Suara.com - Yayasan Lembaga Konsumen Indonesia baru-baru ini merilis hasil temuan uji sampling terhadap sembilan merek pembalut dan tujuh merek pantyliner yang positif mengandung zat kimia klorin.
Untuk meminimalisir risiko yang terjadi dari penggunaan pembalut atau pantyliner berklorin yang disebut-sebut memicu iritasi, Ketua Pengurus Harian YLKI Tulus Abadi menyarankan agar perempuan kembali menggunakan pembalut kain, seperti digunakan kaum hawa terdahulu.
"Alternatifnya bisa gunakan pembalut kain, karena bahannya aman dan bisa dicuci, dipakai ulang," kata Tulus dalam konferensi pers baru-baru ini.
Menyikapi anjuran YLKI ini, tak sedikit perempuan yang berkoar-koar. Meski dianggap aman, pembalut kain dirasa tak praktis dan tak sesuai dengan padatnya aktivitas yang harus dijalani perempuan urban masa kini.

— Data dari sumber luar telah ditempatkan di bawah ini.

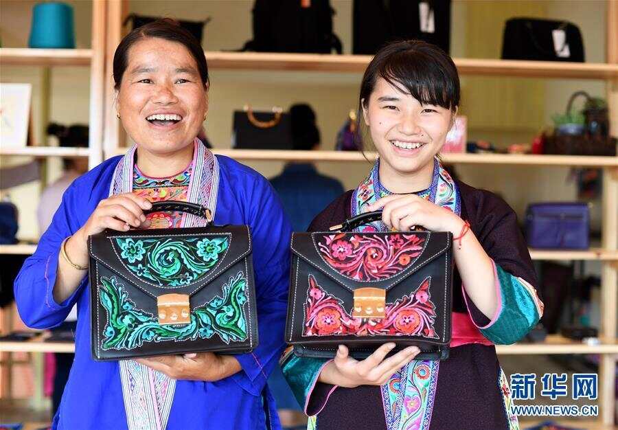 6月9日,在广西柳州市三江侗族自治县清花绣坊,滚培衣(左)和梁宏月展示由滚培衣刺绣作品制作而成的商品。新华社发(黎寒池摄)

"Mau beralih ke pembalut kain nggak jadi-jadi karena rempong dan nggak praktis apalagi saya aktivitas di luar terus. Saya yakin perempuan urban mikirnya gini juga, takut-takut doang tapi pasrah lalu lupa," ujar Azizah (22) kepada suara.com, Kamis (9/7/2015).
Sependapat dengan Azizah, Hanna (23) juga sudah membayangkan ketidakpraktisan jika harus menggunakan pembalut kain.
"Nggak praktis aja, udah gitu malas nyucinya. Kayak zaman penjajahan aja," ungkap Hanna.
Selain tak praktis, kaum hawa juga memikirkan risiko pembalut kain yang mudah menyerap cairan sehingga dikhawatirkan akan 'nembus' yang menjadi momok bagi setiap perempuan saat haid.
"Nembus dong kalau pembalut kain, agak jijik juga nyucinya ya. Asisten rumah tangga saya pakai pembalut kain, alhasil selalu nembus kalau haid," kata Firli (23).
Menteri Kesehatan Nila F. Moeloek juga melontarkan pendapatnya soal anjuran pemakaian pembalut kain ini. Menurutnya, hal ini akan sangat merepotkan kaum hawa, apalagi di zaman yang sudah modern seperti sekarang ini.